Recently, a new approach referred to as magnetic resonance navigation (MRN) has been proposed to steer and track in real time endovascular magnetic carriers in deep tissues to target areas of interest [15], [16], [17], [18], and restrain the systemic carrier distribution. MRN is achieved with a clinical magnetic resonance imaging (MRI) scanner upgraded with an insert of steering coils [18], [19]. The scanner allows tracking the carrier during MRN along a pre-planned trajectory. The magnetic field (1.5 T or higher) of the system enables saturation magnetization (Ms) of ferromagnetic materials throughout the body [15], [17]. Hence, the problem of weaker magnetic field in deep tissues observed with external magnet can be overcome. A magnetic gradient is generated to steer the carrier in a particular direction.
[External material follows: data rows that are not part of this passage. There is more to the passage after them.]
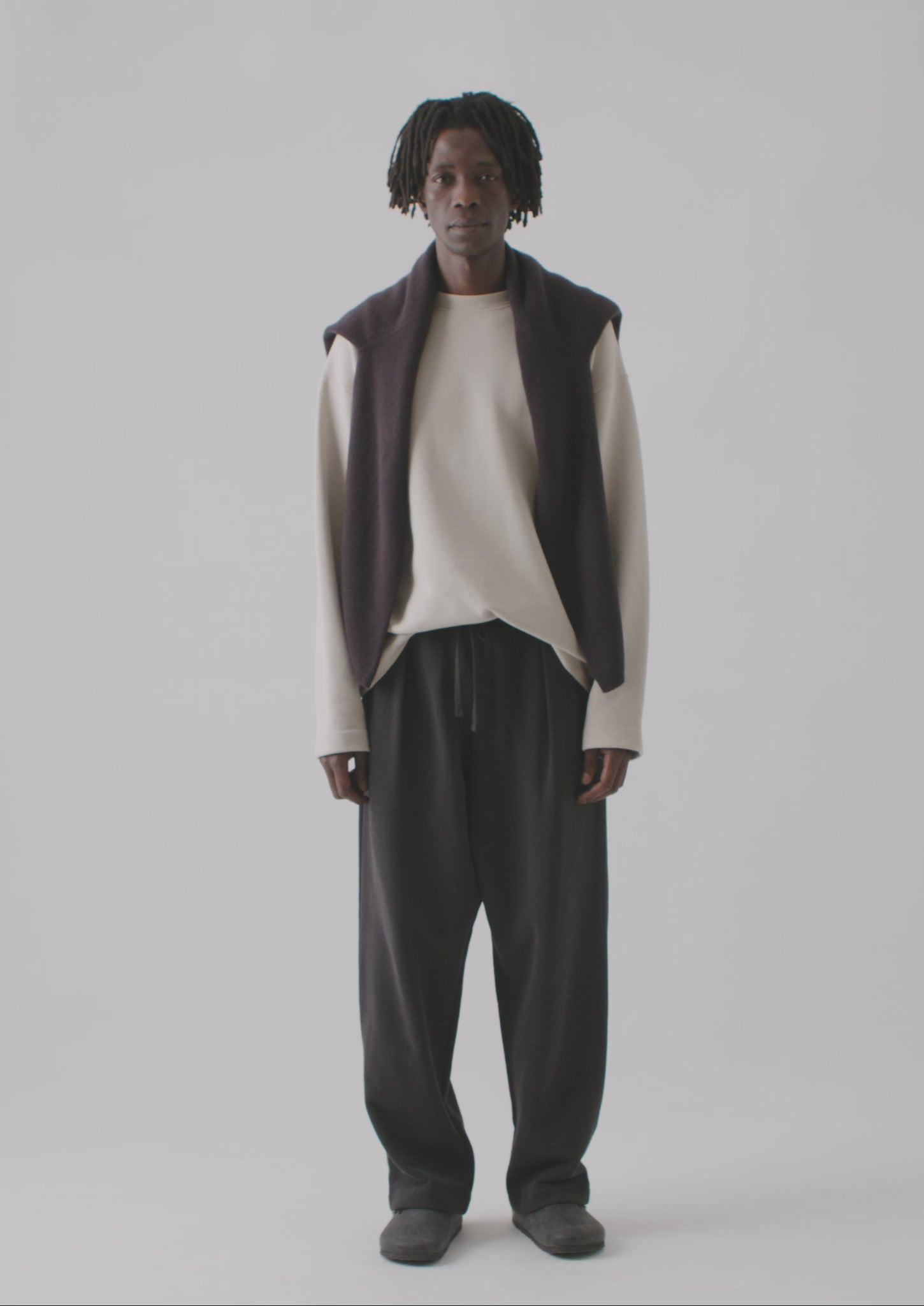Organic cotton loopback jersey. Relaxed fit. Self fabric crew neckline.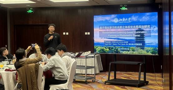 Jun Hoong Chan, a Malaysian Ph.D. student (advisor: Professor Shi Boxin), shared his progress on "Reinforcement Learning-Based Illumination Planning for Photometric Stereo." He offered an in-depth analysis of the research challenges, solutions, and potential applications, earning rounds of applause from the audience.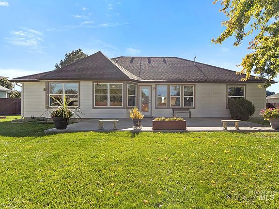 Indian Village is in Canyon County not Nampa City. Low property taxes. Spotless home is very well maintained inside and out. Ramps at front and rear doors. No steps! Large lot over 1/4 acre with mature landscaping including huge maple. Largest bedroom currently used as a TV room/den. Office nook in master. Indian Village has a community water system that currently costs $60 per month and includes unlimited water use. Please see disclosure regarding water system. All homes have private septic systems. This home has a breakfast bar, a breakfast nook and formal dining areas. Ideal for entertaining. Looks like a 2 story due to dormer windows, but its a single level. Very light inside due to Southern exposure. Garage has a full length workbench on one side and storage cabinets on the other side. Outside storage shed in 16'X8' for mower and outdoor equipment. Two 13X9 raised garden beds with water access. All windows replaced with new frost free vinyl windows. Roof, furnace, A/C and water heater all replaced. Indian Village Sub has wide streets and homes on Navajo Dr are well maintained. This home is move in ready! Huge 28'X17' concrete patio. All bedrooms have walk in closets.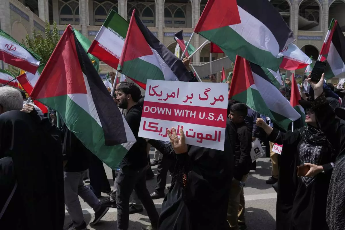 An Iranian worshipper holds up a placard as the others wave Iranian and Palestinian flags during an anti-Israeli and anti-U.S. protest after their Friday prayers in Tehran, Iran, Friday, July 25, 2025. (AP Photo/Vahid Salemi)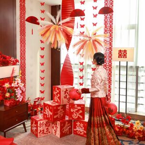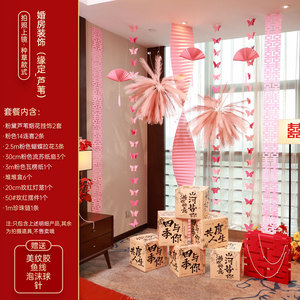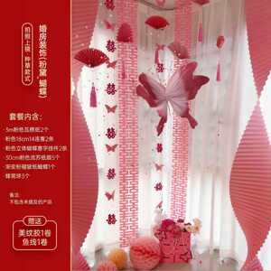 酒店婚房布置套装婚礼囍字客厅晨袍拍照结婚长条喜字贴背景墙装饰
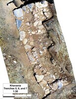 Several notable architectural features other than walls were also identified in the Ephoriea trenches. These include a pavement (T02.3) on the eastern side of walls T02.2 and T02.4; two sections of pavers (T02.3 and T04.2), the former perhaps belonging to a bench or step, the later to a paved vestibule or interior courtyard; a series of two broad risers (T08.1), which may be part of the settlement’s street-system; another series of risers (T05.3), which may be part of an interior staircase; and two well-constructed monolithic thresholds (T04.1 and T08.2). Mention should also be made of a possible fortification wall located on the steep east slope of the peninsula (W28, W29).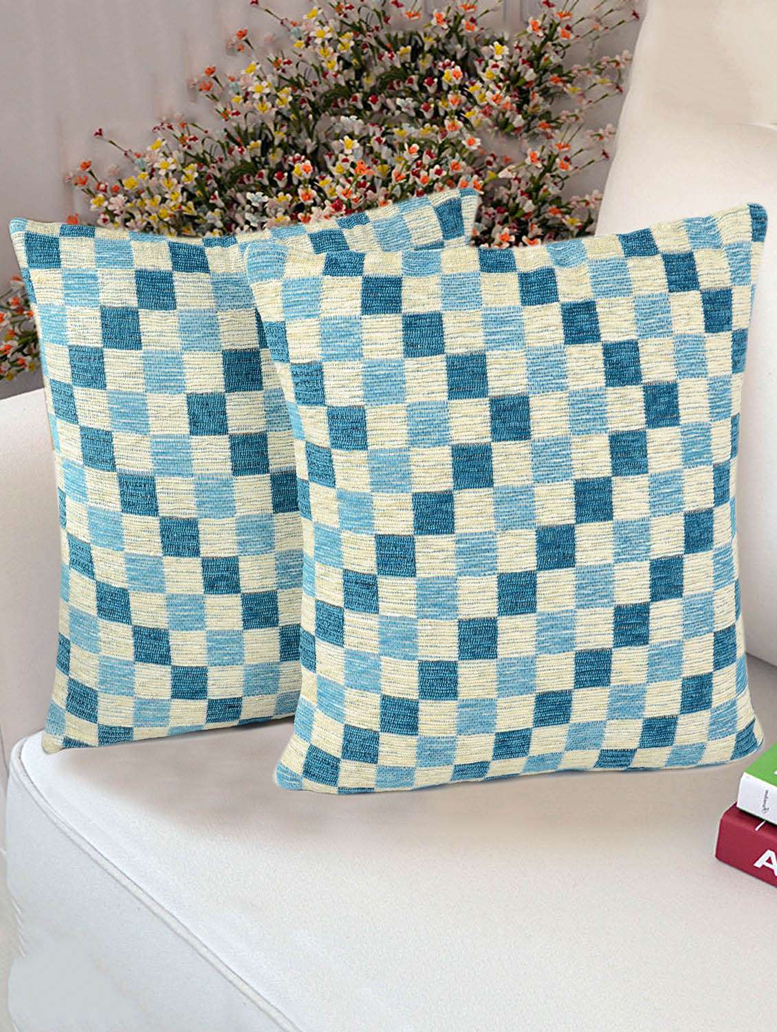 Saral home soft micro chenille cushion cover set of two pieces with zip. Size of cushion cover 40x40 cm.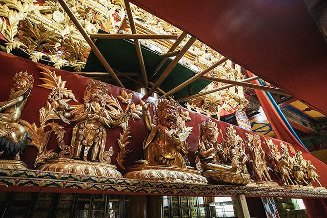 В разных залах стоят ступы с кудунгами и реликвиями разных кагьюпинских учителей и настоятелей монастыря.

Since a clinical MRI scanner generates a 40-mT m⁻¹ gradient, only millimeter-scale carriers can be piloted [15], [19]. To achieve MRN of micrometer-scale carriers for therapeutic purposes, steering coils generating a gradient up to 400-mT m⁻¹ are needed [16], [18], [19]. Moreover, the successful application of MRN is relying on several medical [16] and MRN parameters such as magnitude of the steering magnetic gradient [18], Ms and diameter of the carrier [17], blood vessel properties (flow velocity and diameter) [16], [20] and injection site position (Fig. 1A).
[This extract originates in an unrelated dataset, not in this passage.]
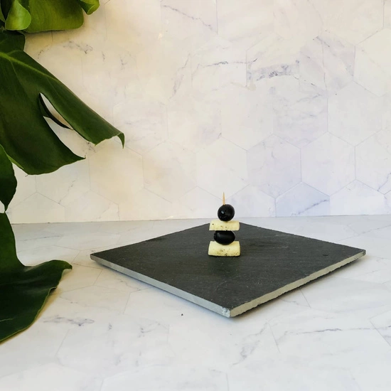 Łupek kamienny prezentacyjny kwadrat Deska kamienna do serwowania potraw, taca, podstawka grafit 30x30 cm.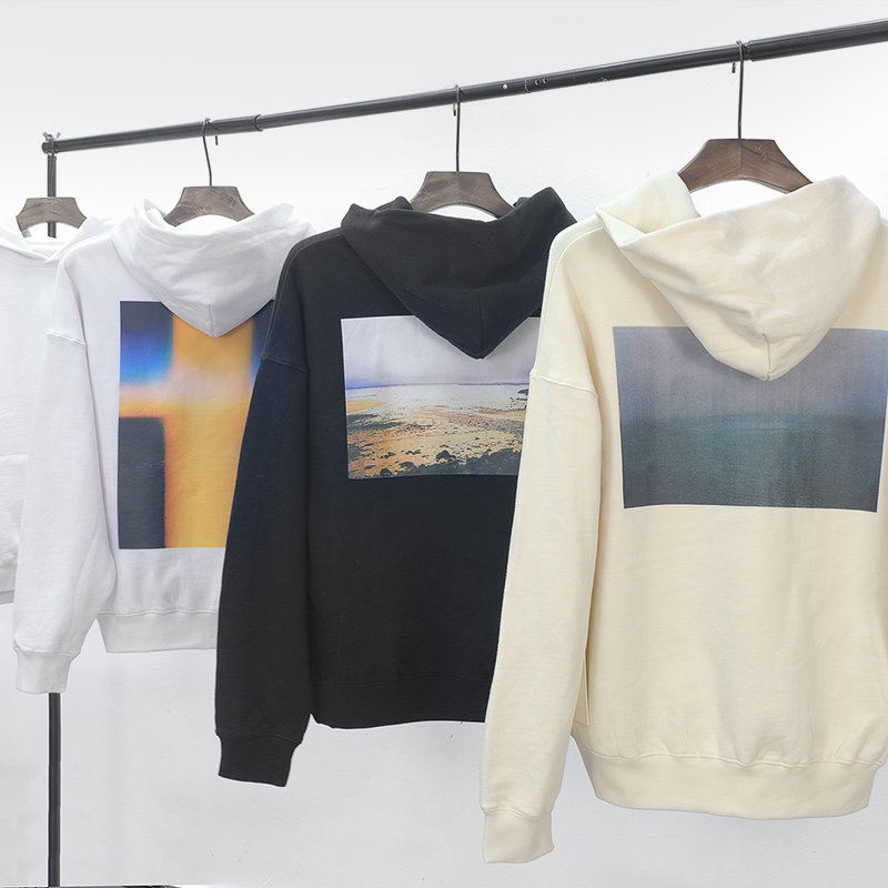 Страх перед Богом туманные предметы Воссоединения линия Калифорния Фото пототок с капюшоном с капюшоном с капюшоном, держась по мужчинам на высокой улице.

In this manuscript, the conception and in vivo steering of therapeutic magnetic microcarriers (TMMC) designed for the treatment of hepatocellular carcinoma (HCC) via trans-arterial chemoembolization (TACE) in the hepatic artery (Fig. 1) are reported. HCC remains the third cause of death related to cancer [21]. Improvements in current therapeutic modalities are critically required since treatment of unresectable HCC is associated with a low survival rate [22]. By controlling chemoembolic material distribution, MRN could improve embolization and drug concentration in the tumor area while limiting chemoembolization of healthy blood vessels and the hepatic complications [23], [24], [25] (Fig. 1). The TMMC characteristics such as diameter and drug release profile were based on drug eluting beads (DEB) design. DEB are recognized as promising chemoembolic systems by inducing tumor anoxia due to physical obstruction of blood flow and to the sustained release of a cytotoxic agent (e.g. doxorubicin, DOX) [26], [27], [28], [29]. The TMMC consisted of biodegradable poly(D,L-lactic-co-glycolic acid) (PLGA) microparticles loaded with the antitumor drug and magnetic nanoparticles for steering and tracking (Fig. 1B). In this feasibility study, physiological parameters (of the rabbit) were taken into consideration for designing the TMMC. Our previously published in vitro data [16] indicated that the TMMC mean diameter should be 50 μm to get a distal embolization without extravasation in liver parenchyma and that the microparticles should contain 30% FeCo nanoparticles (w/w) to give adequate Ms for steering (Fig. 1C). FeCo nanoparticles were preferred over iron oxide nanoparticles because of their higher Ms [30] which reduces the magnetic material loading in TMMC [16].